Have a question about this project? Sign up for a free GitHub account to open an issue and contact its maintainers and the community.

By clicking “Sign up for GitHub”, you agree to our terms of service and privacy statement. We’ll occasionally send you account related emails.

Already on GitHub? Sign in to your account

Missing matches on announce where announce name is different #606

Open
skifavp opened this issue Mar 4, 2024 · 13 comments
Open

Missing matches on announce where announce name is different #606

skifavp opened this issue Mar 4, 2024 · 13 comments
Labels
enhancement enhances existing features search Related to search

Comments

@skifavp
Copy link

skifavp commented Mar 4, 2024

Tracker A announces as: TV.Show.S01E01.Episode.Name.1080p.AMZN.WEB-DL.DDP5.1.H.264-NTb
It will match with trackers via search on complete downloads or irc announce who use the same name announce method.
However some sites do: Showname S01E01 1080p AMZN WEB-DL DD+ 5.1 H.264-NTb, it wont match, so far i tried different settings between true/false. The actual filename is of course the same on one site the .torrent name the way it supposed to be, but IRC announce name is not. Anyway to improve it?

@zakkarry
Copy link
Collaborator

zakkarry commented Mar 7, 2024

There's a threshold and distance variable we use for reverse lookups, and depending on the differences this will either match or not. Given the nature of potential releases being named differently, if we decide to loosen the restrictions to allow MORE (not all) of releases like this to match, it also allows for releases with the same amount of changes to match causing erroneous snatching of torrents and potential mismatches.

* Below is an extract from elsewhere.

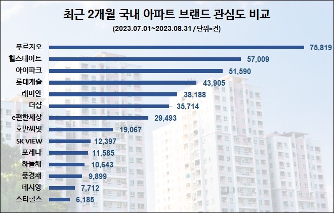 대우건설 아파트 브랜드 '푸르지오'가 지난 7월부터 8월까지 두 달간 국내 주요 건설사의 아파트 브랜드 14개 중 가장 높은 온라인 관심도를 보인 것으로 나타났다. 이어 현대건설 힐스테이트, HDC현대산업개발 아이파크, 롯데건설 '롯데캐슬' 순이었다.
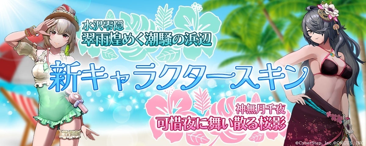 2024年8月8日(木)メンテナンス後より、水沢零隠と神無月千夜の水着姿のスキンを販売します。

It's a pretty difficult thing to narrow down to effective but not too loose. I have plans to look into tightening (not loosening) the reverse lookup matching, however it may be possible to integrate some sort of parsing logic to match in situations like you describe, where we look up group, season/ep, and title, and match accordingly.

It's something I'm personally aware of, but haven't really worked much on.

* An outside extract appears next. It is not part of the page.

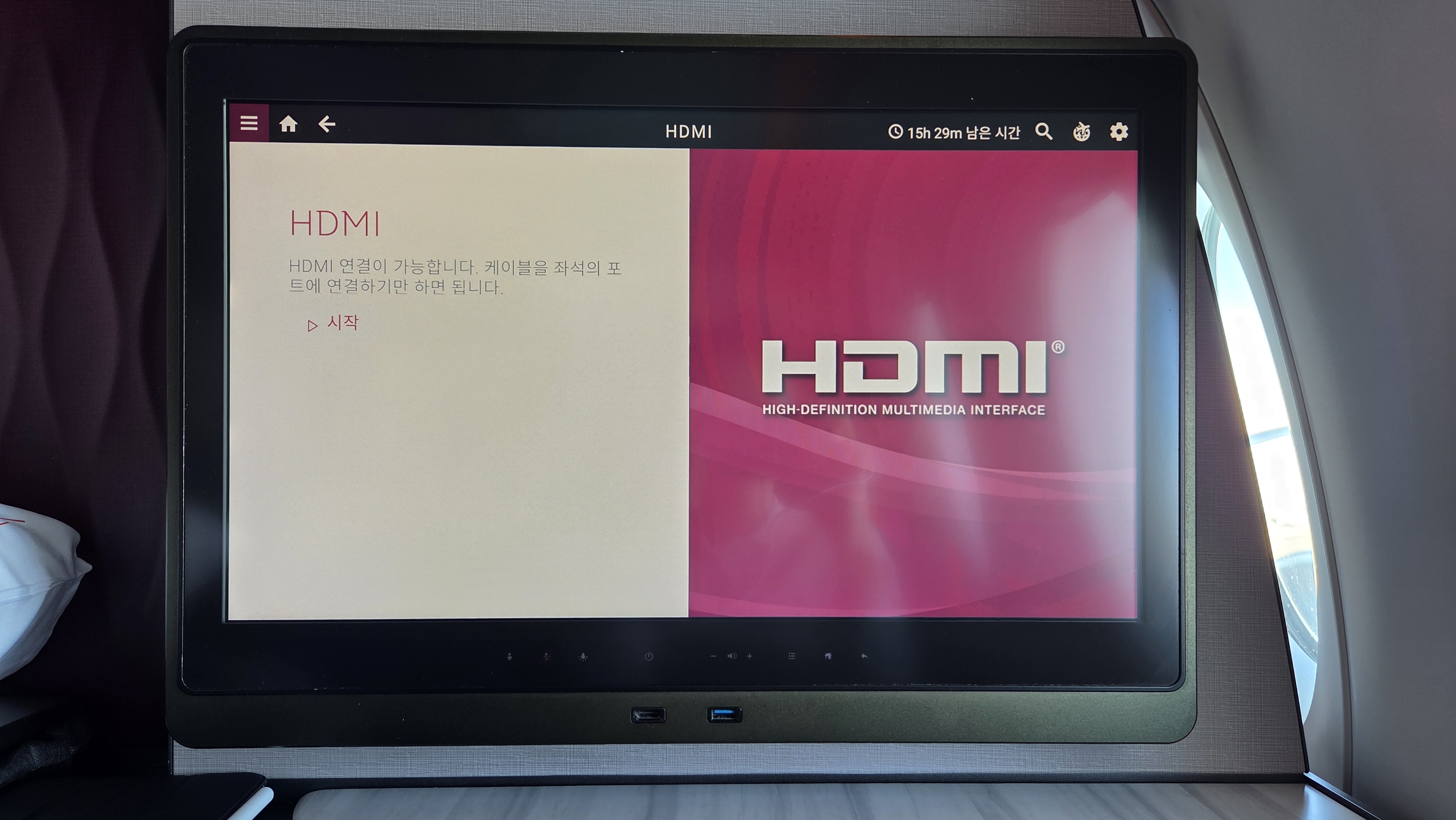 카타르 항공 A350-1000 비즈니스 클래스 Q스위트 HDMI연결을 지원하는 기내 엔터테인먼트 시스템 카타르 항공의 Q스위트가 장착되어 있는 A350의 경우 21.5인치 크기의 풀 HD 해상도의 모니터가 탑재되어 있습니다. 최근에 새로 발표되는 비즈니스 클래스 좌석의 경우 4K 해상도까지 지원하는 경우가 많은데 카타르 항공의 Q스위트는 2010년대 후반부터 도입된 비즈니스 클래스 좌석이기에 Full HD 해상도의 스크린이 탑재되어 있습니다. 하지만 이 점이 크게 불편함으로 다가온다거나 하지는 않았고, 엔터테인먼트를 즐기기에 충분한 정도였고, 반응 속도도 빠릿빠릿해서 이용하는데 불편함은 없었습니다.

@zakkarry zakkarry added search Related to search enhancement enhances existing features labels Mar 7, 2024
@zakkarry zakkarry changed the title Miss match on torrents with slightly different release names. The actual filename/.torrent file name is the same. Missing matches on announce where announce name is different Mar 8, 2024
@MaddyTP
Copy link

MaddyTP commented Mar 30, 2024

What if a library similar to 'guessit' were used to parse/sterilize filename to improve matching?

https://guessit.readthedocs.io/en/latest/

GGBot uses guessit with excellent results when checking for duplicates. Obviously this is a python package, the method could probably be reverse engineered.

@zakkarry
Copy link
Collaborator

the problem is trackers essentially obfuscate the real torrent name. for essentially no reason.

this isn't an issue generally with searches, but reverse lookups from rss and announce.

@ninboy
Copy link

ninboy commented Apr 25, 2024

Some unsolicited advise:
Maybe an option for fuzzy search that ignores special characters like , ., +, &, - and _ , so it always compares a "sanitized" name. That would increase also matches against trackers that replace DD+5.1 for DD5.1.
Special cases could be the + which is sometimes replaced by P (DDP5.1), or the & which sometimes is replaced by and

@zakkarry
Copy link
Collaborator

Our fuzzy matching is loose enough that the separators used are not an issue in almost any case that would occur regularly.

Generally what we see is groups removing episode titles or something else significant with RSS or IRC announcements.

@ppkhoa
Copy link

ppkhoa commented May 21, 2024

I have a few examples here to show that tracker announces does not contain filename, at all, and therefore, will not match:

Actual filename from open trackers/release group's RSS feed: [SubsPlease] Boukyaku Battery - 07 (1080p) [8DFEE2F1].mkv
1st tracker announce: Boukyaku Battery - 07 (2024) [SubsPlease] [WEBRip] [HD 1080p]
2nd tracker announce: [SubsPlease] Boukyaku Battery - 07 [Web][MKV][h264][1080p][AAC 2.0][Softsubs (SubsPlease)][Episode 7]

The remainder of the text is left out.